We acknowledge the amicus briefs submitted by the Youth Advocacy Division of the Committee for Public Counsel Services and the Massachusetts Association of Criminal Defense Lawyers, and by the American Civil Liberties Union and the American Civil Liberties Union of Massachusetts.
Voluminous text messages between the defendant and victim -- apparently their entire text history -- were admitted in evidence.
For example, on July 7, 2014, between 10:57 p.m. and 11:08 p.m. , they exchanged the following text messages:
Defendant : "Well there's more ways to make CO. Google ways to make it...."
Victim : "Omg"
Defendant : "What"
Victim : "portable generator that's it"
Defendant : "That makes CO?"
Victim : "yeah! It's an internal combustion engine."
Defendant : "Do you have one of those?"
Victim : "There's one at work."
Similarly, on July 11, 2014, at 5:13 p.m. , the defendant sent the victim the following text message: "... Well in my opinion, I think u should do the generator because I don't know much about the pump and with a generator u can't fail"
See Commonwealth v. Carter,
During the evening of July 11 and morning of July 12, 2014, the victim and the defendant exchanged the following text messages:
Victim : "I have a bad feeling tht this is going to create a lot of depression between my parents/sisters"
...
Defendant : "I think your parents know you're in a really bad place. Im not saying they want you to do it, but I honestly feel like they can except it. They know there's nothing they can do, they've tried helping, everyone's tried. But there's a point that comes where there isn't anything anyone can do to save you, not even yourself, and you've hit that point and I think your parents know you've hit that point. You said you're mom saw a suicide thing on your computer and she didn't say anything. I think she knows it's on your mind, and she's prepared for it"
Defendant : "Everyone will be sad for a while, but they will get over it and move on. They won't be in depression I won't let that happen. They know how sad you are and they know that you're doing this to be happy, and I think they will understand and accept it. They'll always carry u in their hearts"
...
Victim : "i don't want anyone hurt in the process though"

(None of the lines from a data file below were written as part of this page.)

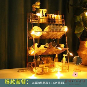 铁艺收纳化妆品收纳盒桌面置物架护肤品子网ins多层...
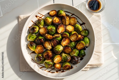 Roasted Brussels Sprouts with Balsamic Glaze, Top View, Afternoon Light, Food Photography
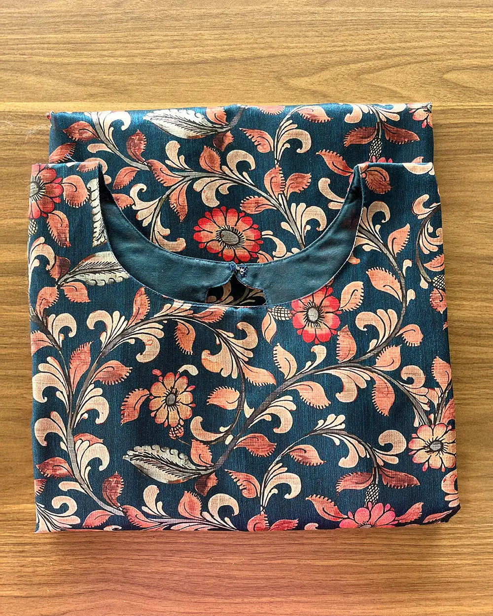 Embrace timeless elegance with our Premium Assam Silk Kurta, featuring a rich teal background adorned with intricate Kalamkari floral prints. This kurta blends artisanal heritage with modern-day comfort, making it a versatile piece for both festive and everyday wear.
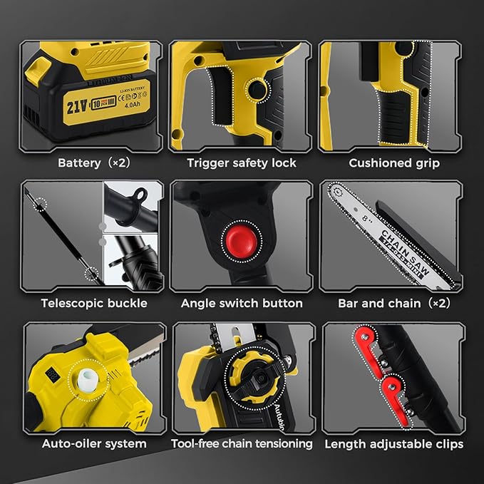 - 【Comprehensive Safety Protection】Features dual safety locks (trigger lock + power lock) to prevent accidental activation, an anti-splash baffle to block wood chips,and anti slip handle ensures safe grip.In addition, gloves and goggles are prepared for you to ensure that you carry out tree pruning work in a safe environment
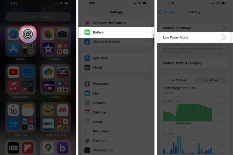 Chế độ nguồn điện thấp hạn chế các tác vụ nền như tải xuống nội dung mới. Vì vậy, nó có thể ảnh hưởng đến việc phát lại video trên Instagram. Do đó, hãy tắt nó đi để sửa lỗi Instagram không tự động phát video.
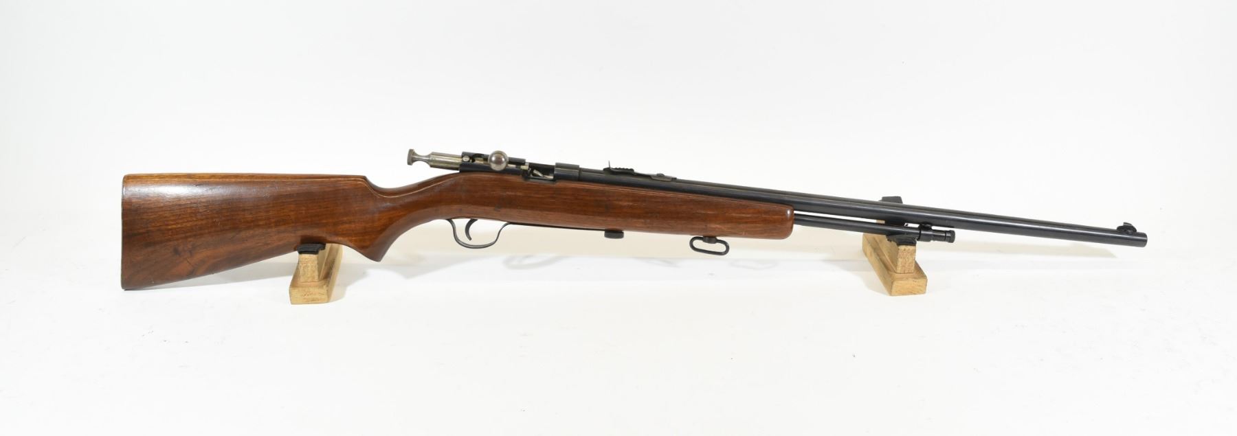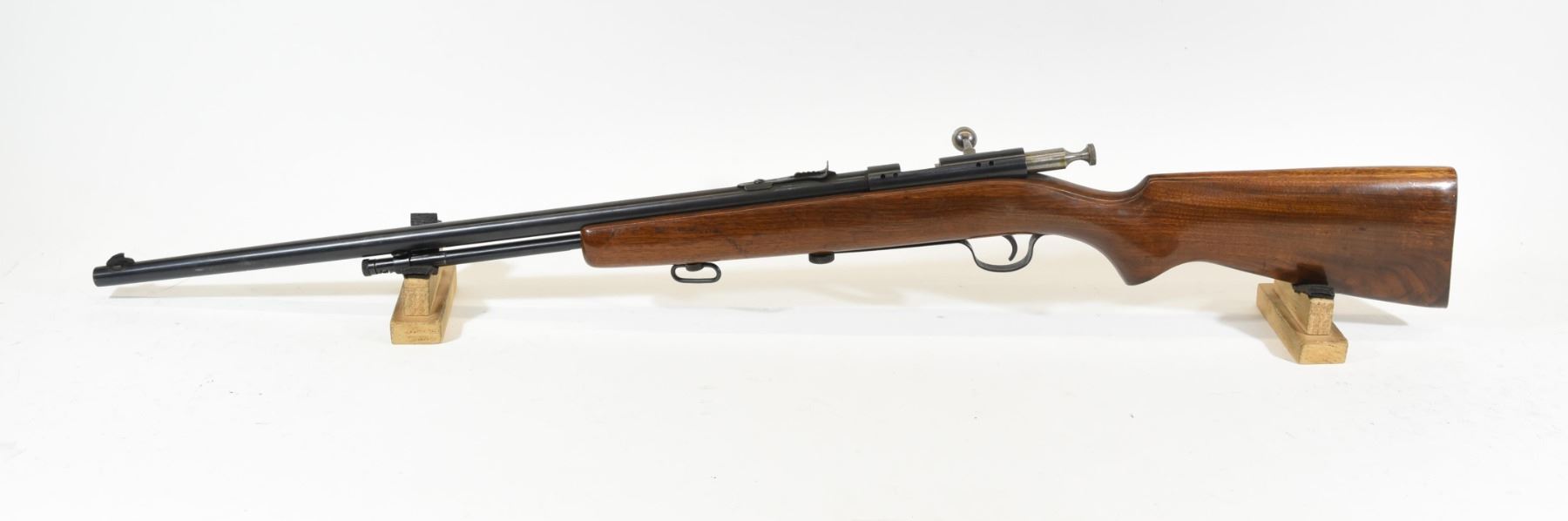 Non-restricted, bolt action .22 cal. s-l-lr, 24" barrel, SN none. Wood has some dents and scratches, sling screw stud broken off in butt stock, bluing has minimal surface rust and a couple of scratches, bore is excellent.
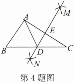 4. 如图,在$△ABC$中,分别以点A和点C为圆心、大于$\frac {1}{2}AC$的长为半径画弧,两弧相交于点M,N,作直线MN分别交BC,AC于点D,E.若$AE= 3cm,△ABD$的周长为13 cm,则$△ABC$的周长为(
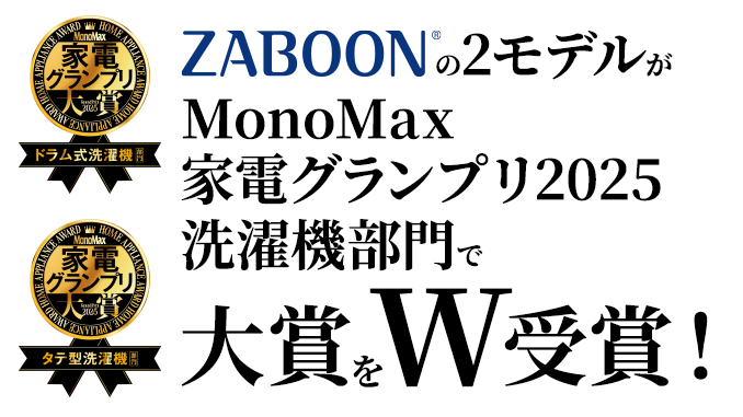TW-127XP5とAW-10DPB5がMonoMax家電グランプリ2025洗濯機部門で大賞をW受賞! -
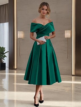 Aライン セミロング丈 カクテルドレス パーティードレス エレガント ノースリーブ オフショルダー ガーデンパーティー 結婚式 ストレッチサテン とともに プリーツ フリル
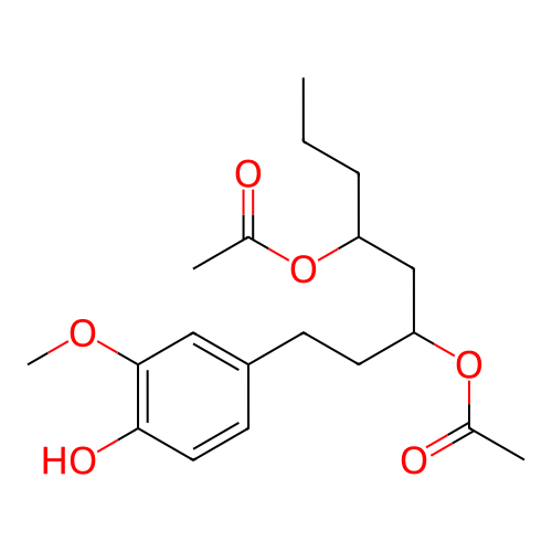 CCCC(CC(CCc1ccc(O)c(OC)c1)OC(C)=O)OC(C)=O |
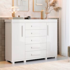 Cômoda Sapateira Branca em MDF com 5 Gavetas e 2 Portas – Opções de Montagem Diferenciadas Transforme seu ambiente com a elegante e funcional Cômoda Sapateira Branca em MDF. Este móvel versátil combina sofisticação e praticidade, sendo ideal para organizar roupas, sapatos e acessórios. Características Principais: Material de Alta Qualidade: Fabricada em MDF de alta resistência, garante durabilidade e acabamento impecável. Design Funcional: Com 5 gavetas espaçosas e 2 portas, oferece amplo espaço para armazenamento. As gavetas possuem reforço no fundo, proporcionando maior suporte para itens pesados. Prateleiras Móveis: Inclui 4 prateleiras ajustáveis, permitindo personalizar o espaço interno conforme suas necessidades. Pés em Madeira: Pés robustos em madeira, assegurando estabilidade e um toque de elegância. Opções de Montagem: Oferece duas opções de montagem diferenciadas, adaptando-se ao seu espaço e preferências de design. Acabamento Branco: O acabamento branco traz um ar de modernidade e frescor ao ambiente, combinando facilmente com diversos estilos de decoração. Benefícios Adicionais: Organização Eficiente: Ideal para quem busca um móvel multifuncional que otimize o espaço e mantenha tudo em ordem. Versatilidade: Perfeita para quartos, closets, corredores e até mesmo escritórios, adaptando-se a diferentes ambientes. Montagem Simples: Acompanha manual detalhado para facilitar a montagem, mesmo com as opções diferenciadas de configuração. Invista em uma peça que une design, qualidade e funcionalidade. A Cômoda Sapateira Branca em MDF com 5 Gavetas e 2 Portas é a escolha perfeita para quem deseja organizar e decorar o ambiente com bom gosto. Informação Importante - AS IMAGENS SÃO MERAMENTE ILUSTRATIVAS.

Victim : "I meant when they open the door, all the carbon monoxide is gonna come out they can't see it or smell it. whoever opens the door"

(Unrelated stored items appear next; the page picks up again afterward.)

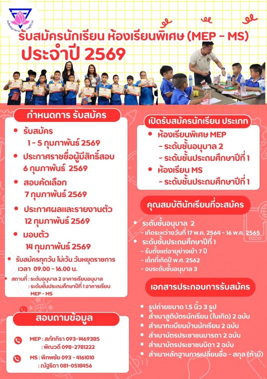 ประกาศรับสมัครนักเรียนห้องเรียนพิเศษ (MEP และ MS) ปีการศึกษา 2569
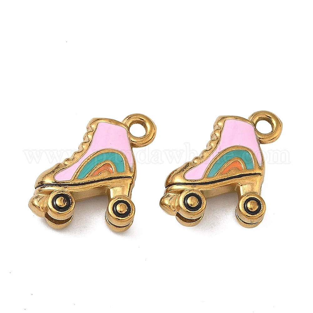304 нержавеющей стальной эмали подвески, брелоки для роликовых коньков, ионное покрытие (ip), реальный 18 k позолоченный
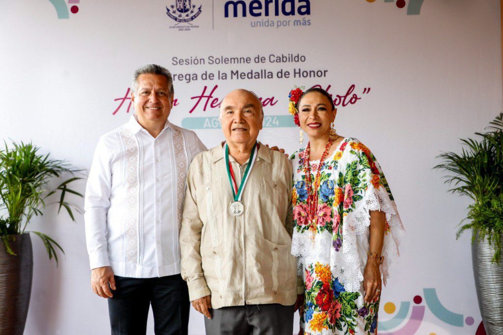 Mérida, Yucatán 12 de agosto de 2024.- En reconocimiento al maestro Tomás Ceballos Campos por sus 60 años de experiencia en la escena teatral, el Alcalde Alejandro Ruz Castro le entregó la medalla Héctor Herrera “Cholo” 2024, presea con la que se distingue a mujeres y hombres que con sus obras, trayectoria y aportaciones, enaltecen al teatro regional yucateco.
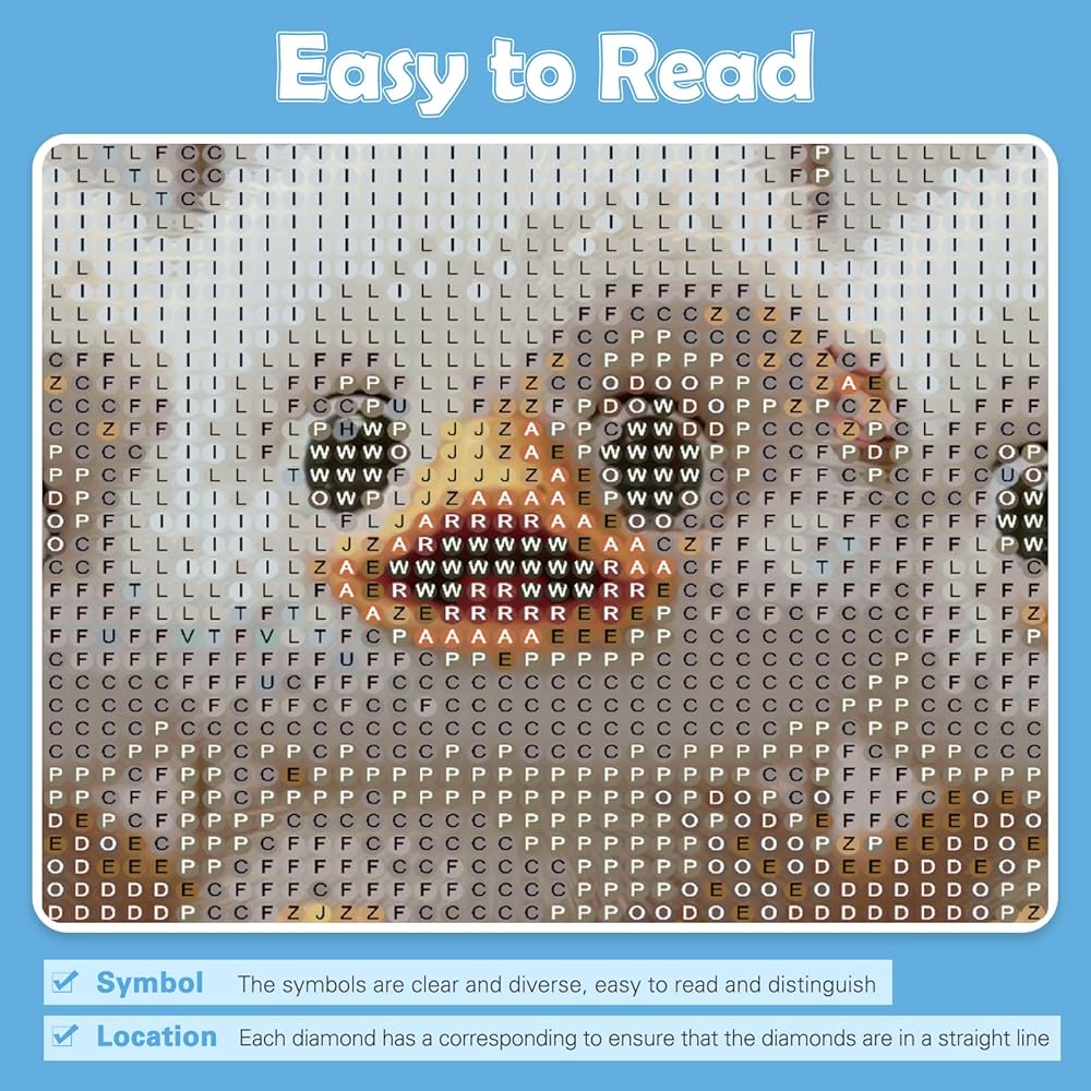 【رموز سهلة القراءة】☛ من أجل جعل عملية جعل اللوحة الفنية الماسية أكثر إثارة للاهتمام وسهلة، نستخدم رموزًا ورسومات مختلفة لتمييز مناطق الألوان المختلفة، والقماش السميك عالي الدقة، ومناطق الرسم الأكبر، حتى البالغين. من السهل على الأطفال والمبتدئين البدء

Defendant : "They will see the generator and know that you died of CO...."
...
Victim : "Idk I'm freaking out again"
...
Defendant : "I thought you wanted to do this. The time is right and you're ready, you just need to do it! You can't keep living this way. You just need to do it like you did last time and not think about it and just do it babe. You can't keep doing this every day"
Victim : "I do want to. but like I'm freaking for my family. I guess"
Victim : "idkkk"
Defendant : "Conrad. I told you I'll take care of them. Everyone will take care of them to make sure they won't be alone and people will help them get thru it. We talked about this, they will be okay and accept it. People who commit suicide don't think this much and they just do it"
See Carter I,
On July 12, 2014, between 4:25 a.m. and 4:34 a.m. , they exchanged the following text messages:
Defendant : "So I guess you aren't gonna do it then, all that for nothing"
Defendant : "I'm just confused like you were so ready and determined"
Victim : "I am gonna eventually"
Victim : "I really don't know what I'm waiting for .. but I have everything lined up"
Defendant : "No, you're not, Conrad. Last night was it. You keep pushing it off and you say you'll do it but u never do. Its always gonna be that way if u don't take action"
Defendant : "You're just making it harder on yourself by pushing it off, you just have to do it"
Defendant : "Do u wanna do it now?"
Victim : "Is it too late?"
Victim : "Idkk it's already light outside"
Victim : "I'm gonna go back to sleep, love you I'll text you tomorrow"
Defendant : "No? Its probably the best time now because everyone's sleeping. Just go somewhere in your truck. And no one's really out right now because it's an awkward time"
Defendant : "If u don't do it now you're never gonna do it"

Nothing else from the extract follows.